• **What you have to do**
Please give again exactly the lines from the top of the material through the line with "100%Discover expert advice"; omit each picture.

• **Dataset extract**
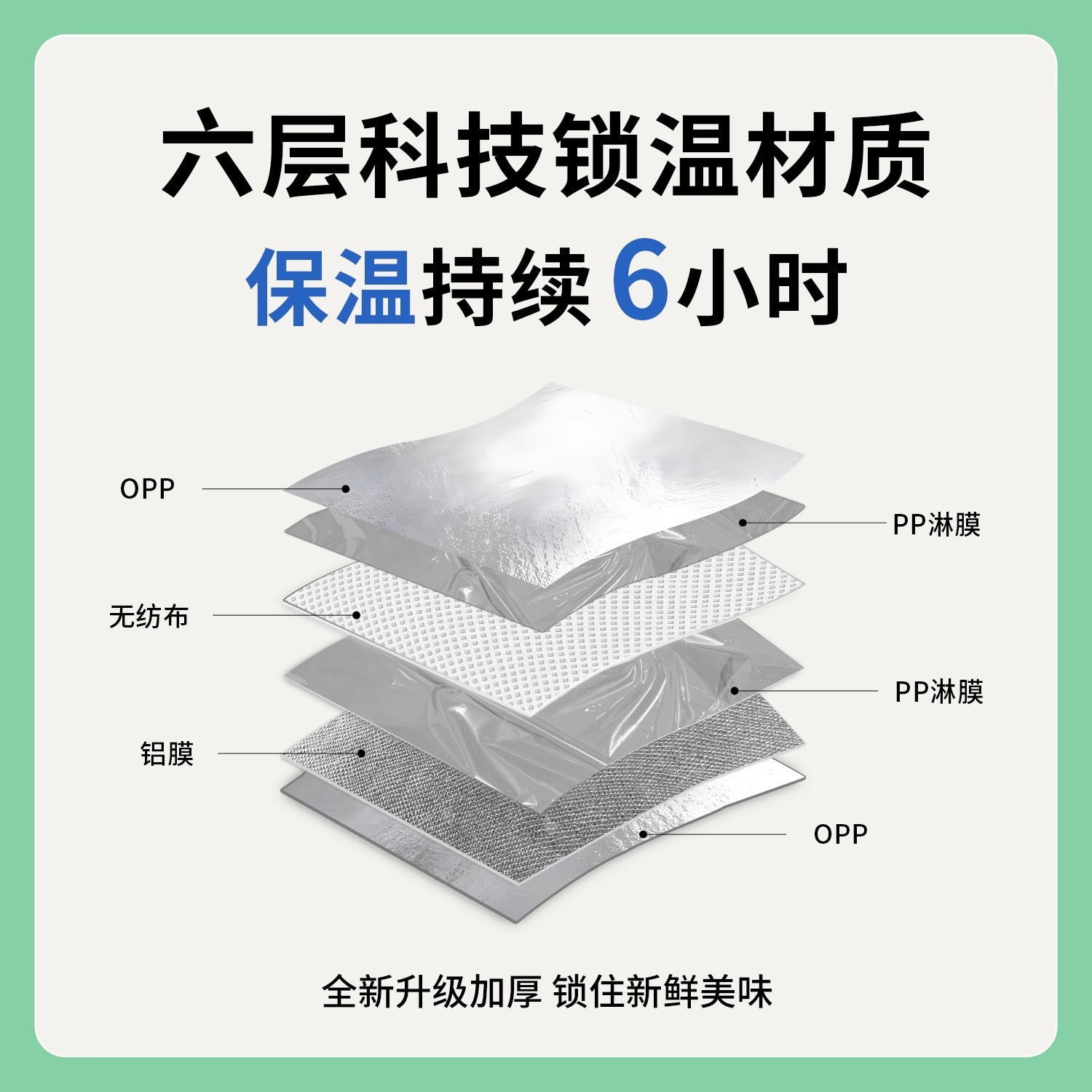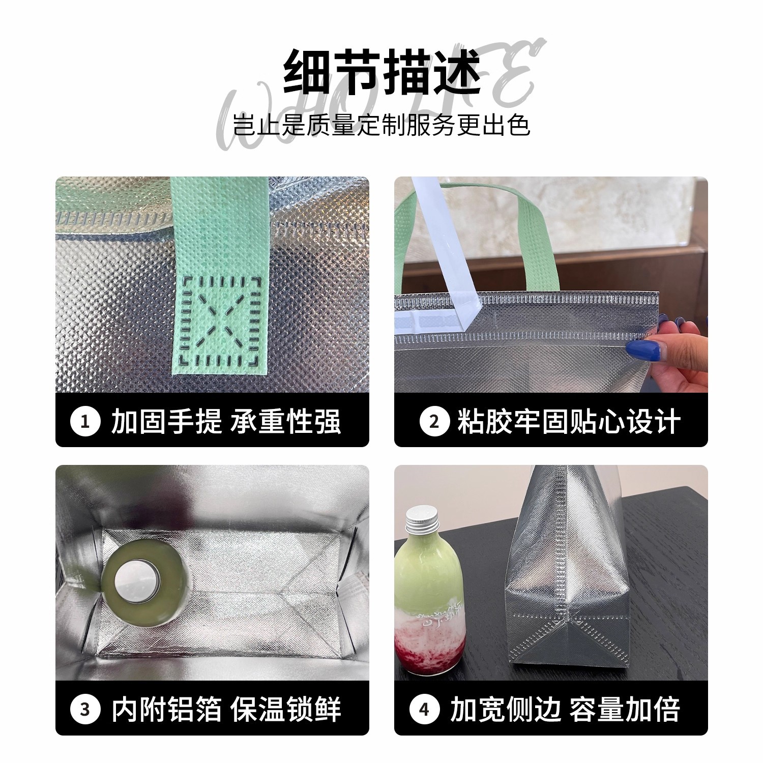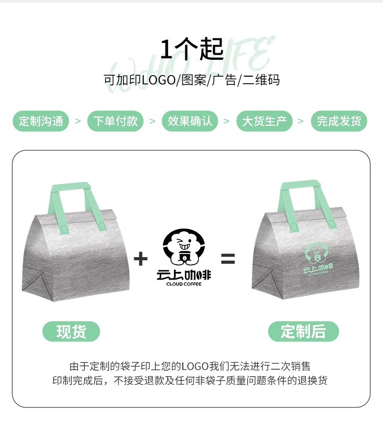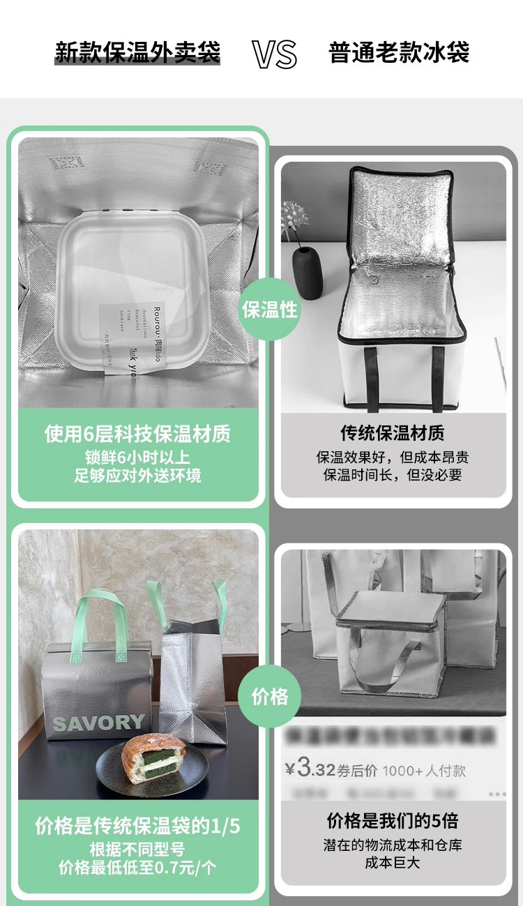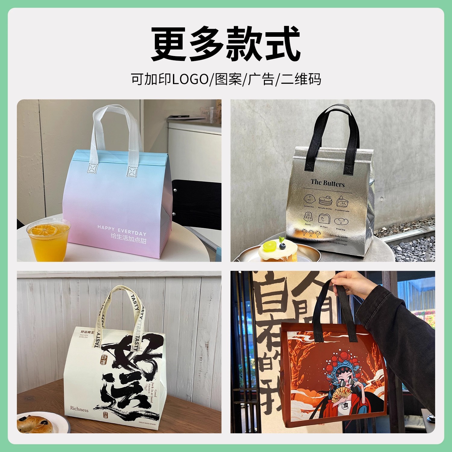green portable silver polyester glossy film thermal bag; medium size: 24*24*15cm; 1 piece
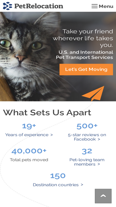 100%Discover expert advice on planning safe pet transport, including tips on crate training, cargo travel, and international pet relocation. Learn how to ensure a smooth move for your furry family member with PetRelocation’s comprehensive FAQs.
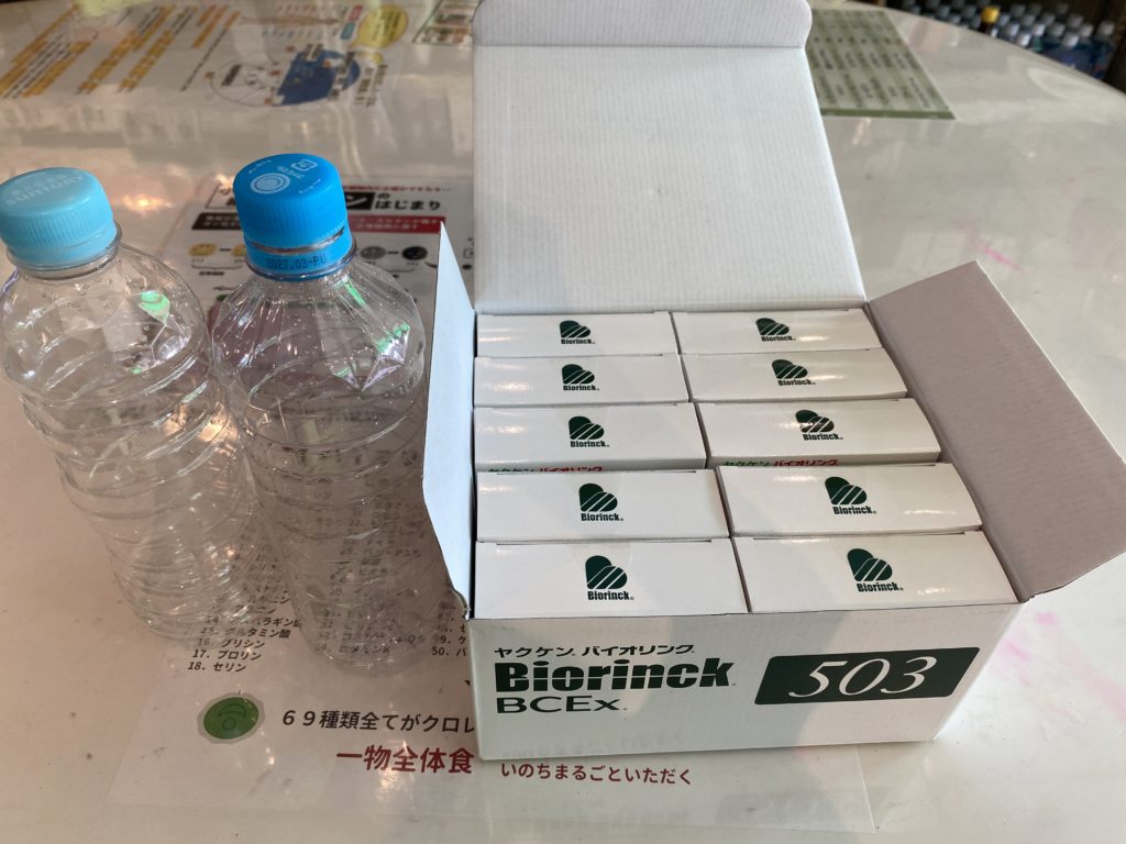 500ミリのペットボトル2本に503を30本注ぎ入れます。この準備が大変ですが、30本飲み切るためには大事で、これは、一本ずつ開けて飲んでいたら、30本飲みきれずに終わってしまいがちだからなのです。飲みきるぞ!という覚悟でもあります。
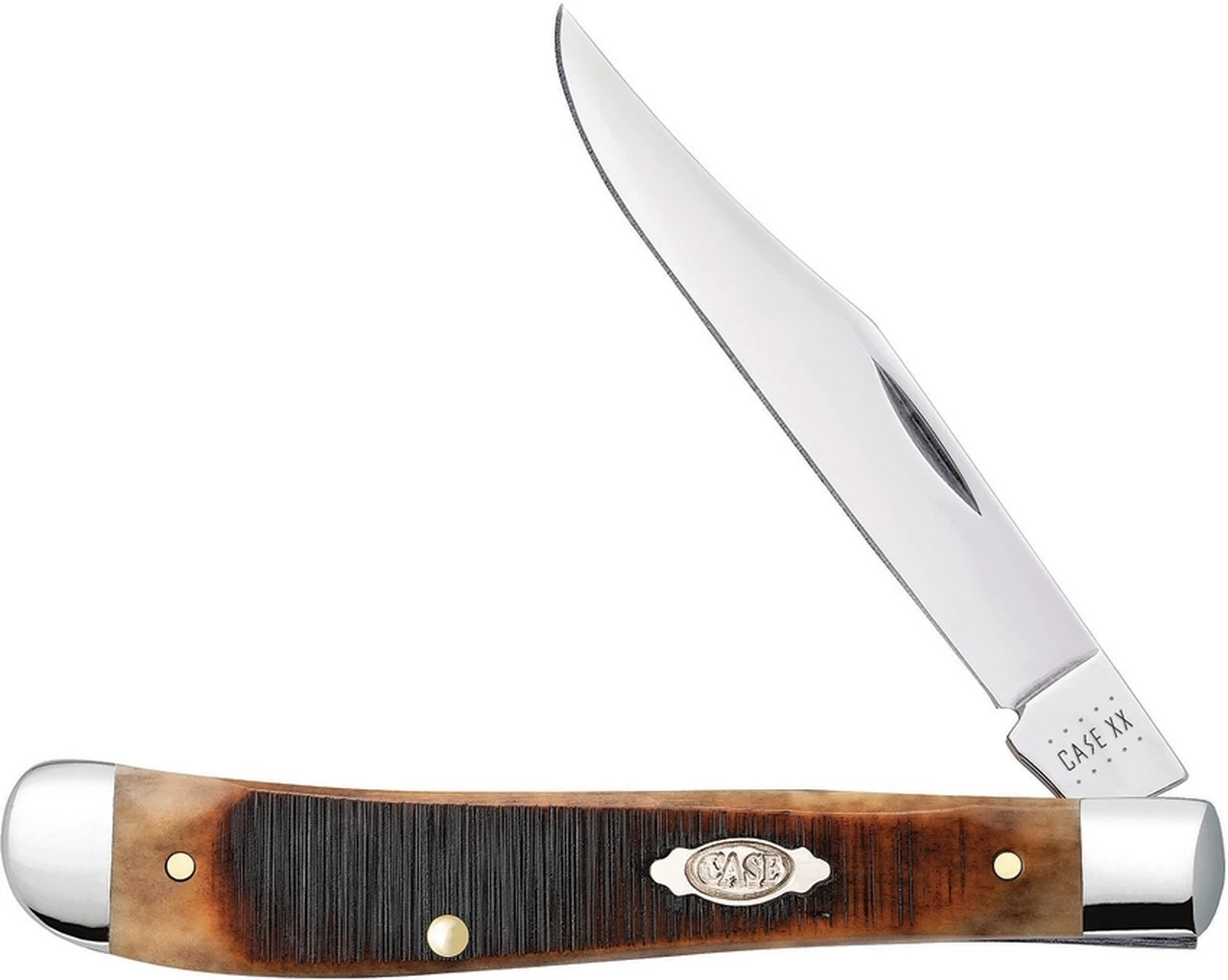 This Case Molasses Slimline Trapper looks incredible as a result of the pairing of the dark brown Molasses bone with the Case Traditional Shield. This knife features mirror-polished Tru-Sharp surgical steel blades, nickel silver bolsters along with brass pins and liners. It is perfect for an everyday carry or to add to any collection.
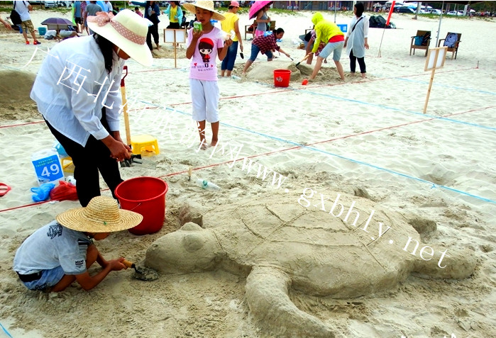 每年五一節(jié),銀灘都會舉辦沙雕大賽,今年已經(jīng)是第九屆了。今天上午,來自北海、欽州、南寧等城市的數(shù)百位選手又在銀灘公園開始了一場沙雕大賽,他們要在兩個半小時內(nèi)用沙子做出自己滿意的作品。今天上午太陽很大,選手們曬了一上午也是挺辛苦的。
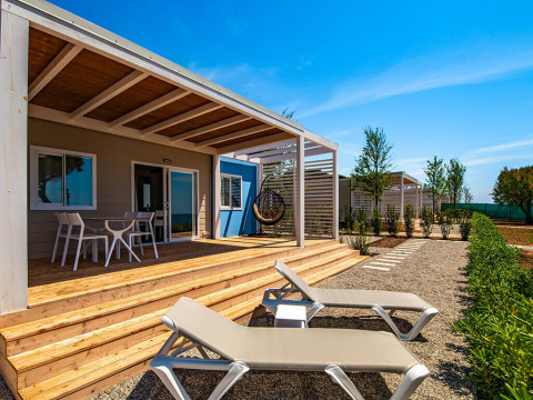 Das Camping Home Next bietet mit einer Gesamtwohnfläche von 30 m² einen komfortablen Aufenthalt, ergänzt durch eine großzügige, möblierte Terrasse von 20 m². Die moderne Unterkunft ist für bis zu 5 Gäste ausgelegt und mit Klimaanlage sowie kostenlosem WLAN ausgestattet. Im Inneren finden Sie ein gemütliches Wohnzimmer mit Schlafsofa und TV sowie eine komplett ausgestattete Küchenzeile mit Kühlschrank, Induktionskochfeld, Mikrowelle und Kaffeemaschine. Die Unterkunft verfügt über zwei Schlafzimmer: ein Hauptschlafzimmer mit Doppelbett (160x190 cm) und ein zweites Schlafzimmer mit zwei Einzelbetten (80x190 cm). Es gibt außerdem zwei Badezimmer mit Duschen und Haartrocknern.

• **Completed exercise**
green portable silver polyester glossy film thermal bag; medium size: 24*24*15cm; 1 piece
 100%Discover expert advice on planning safe pet transport, including tips on crate training, cargo travel, and international pet relocation. Learn how to ensure a smooth move for your furry family member with PetRelocation’s comprehensive FAQs.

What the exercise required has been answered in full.